DESCRIPTION OF THE TASK: Set the data below down again, exactly, with every picture left out.

DATA EXTRACT:
[Start of section]

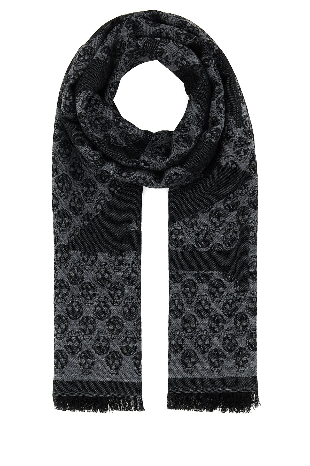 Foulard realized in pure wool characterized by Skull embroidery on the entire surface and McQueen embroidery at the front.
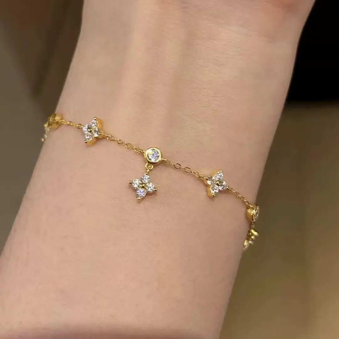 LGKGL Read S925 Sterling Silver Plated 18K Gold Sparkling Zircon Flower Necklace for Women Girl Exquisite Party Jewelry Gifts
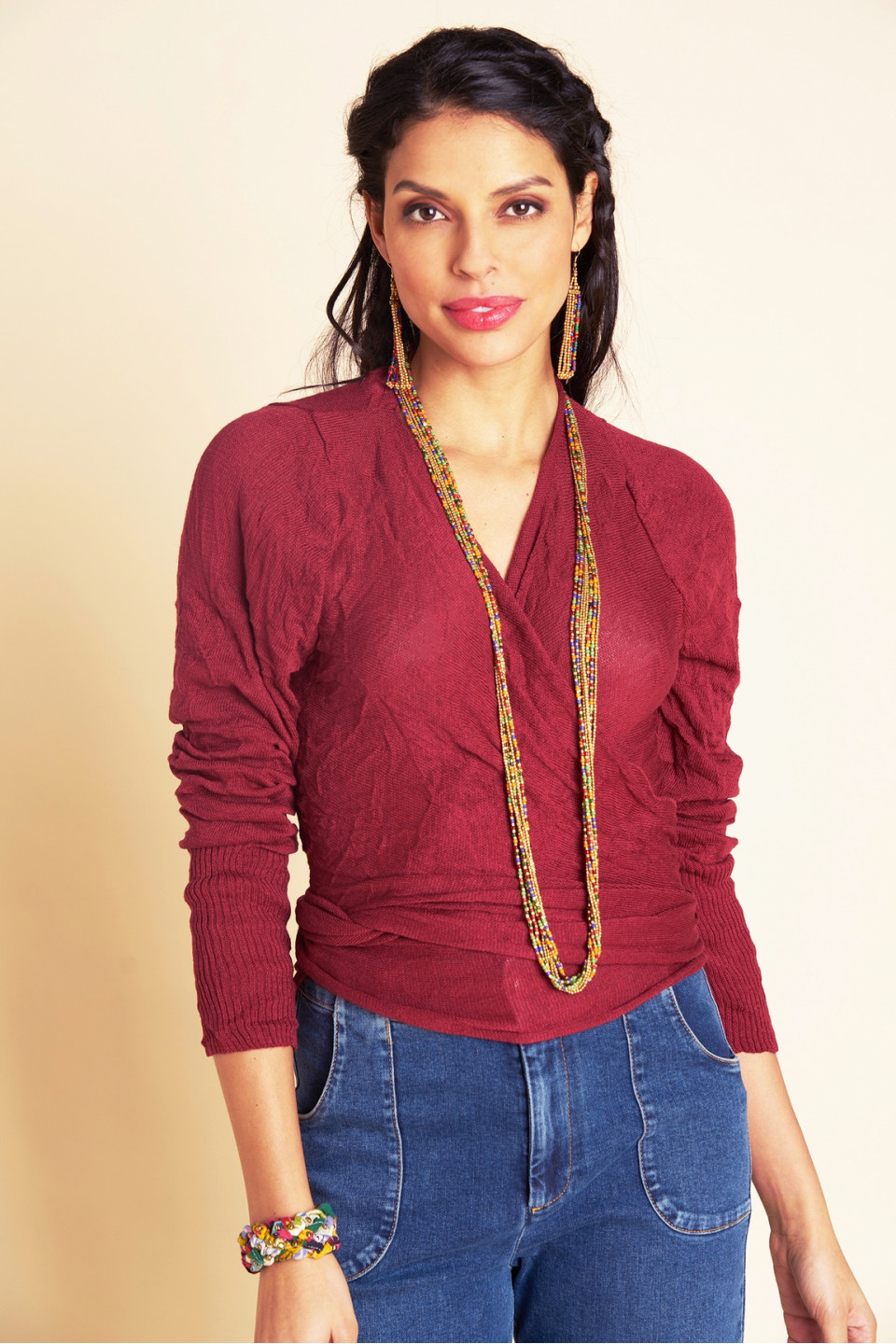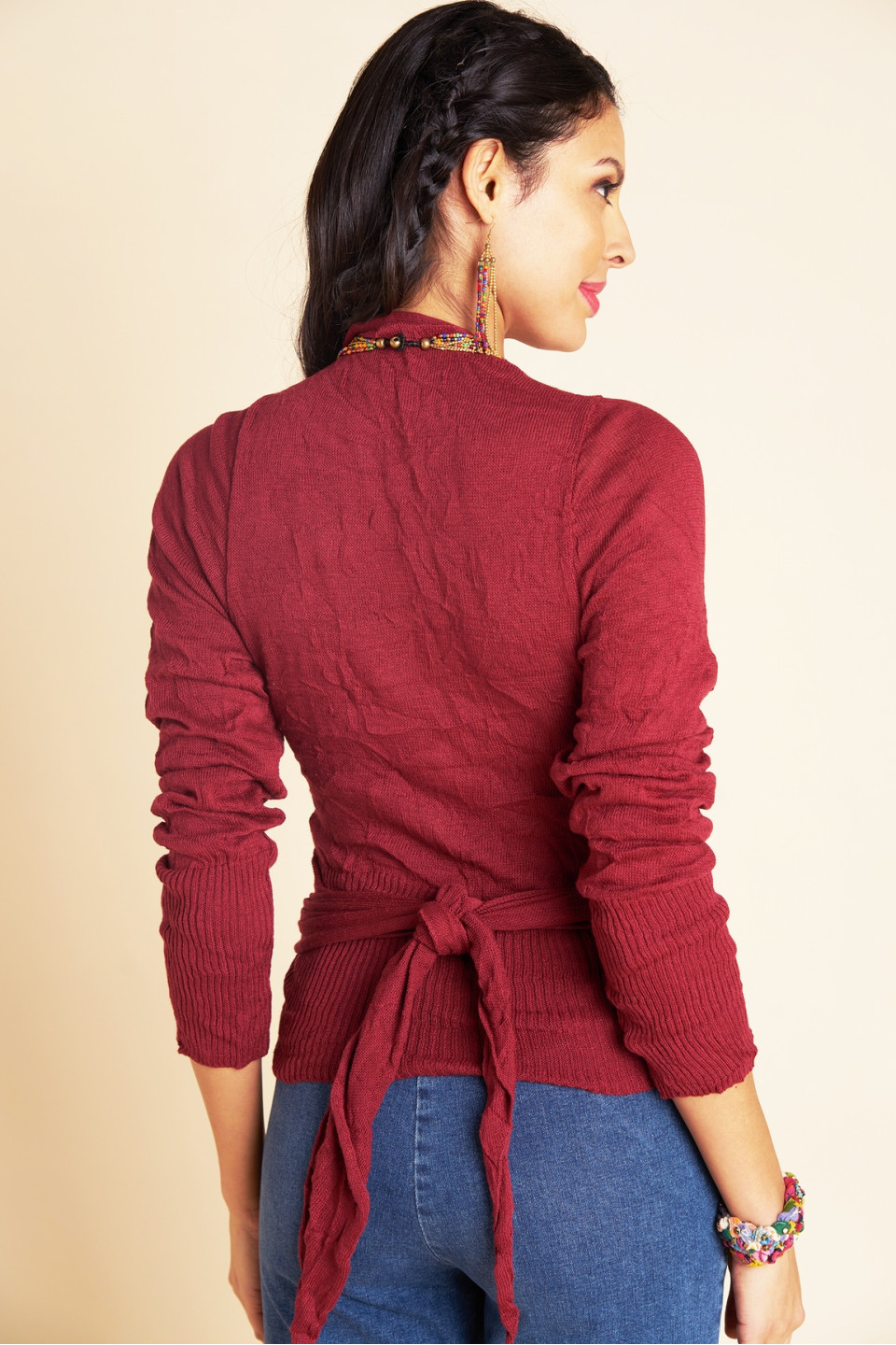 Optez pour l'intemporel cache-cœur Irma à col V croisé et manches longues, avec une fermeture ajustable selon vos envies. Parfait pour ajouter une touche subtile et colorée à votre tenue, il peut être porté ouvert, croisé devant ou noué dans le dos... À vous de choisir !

[End of section]

EXERCISE RESULT:
 Foulard realized in pure wool characterized by Skull embroidery on the entire surface and McQueen embroidery at the front.
 LGKGL Read S925 Sterling Silver Plated 18K Gold Sparkling Zircon Flower Necklace for Women Girl Exquisite Party Jewelry Gifts
 Optez pour l'intemporel cache-cœur Irma à col V croisé et manches longues, avec une fermeture ajustable selon vos envies. Parfait pour ajouter une touche subtile et colorée à votre tenue, il peut être porté ouvert, croisé devant ou noué dans le dos... À vous de choisir !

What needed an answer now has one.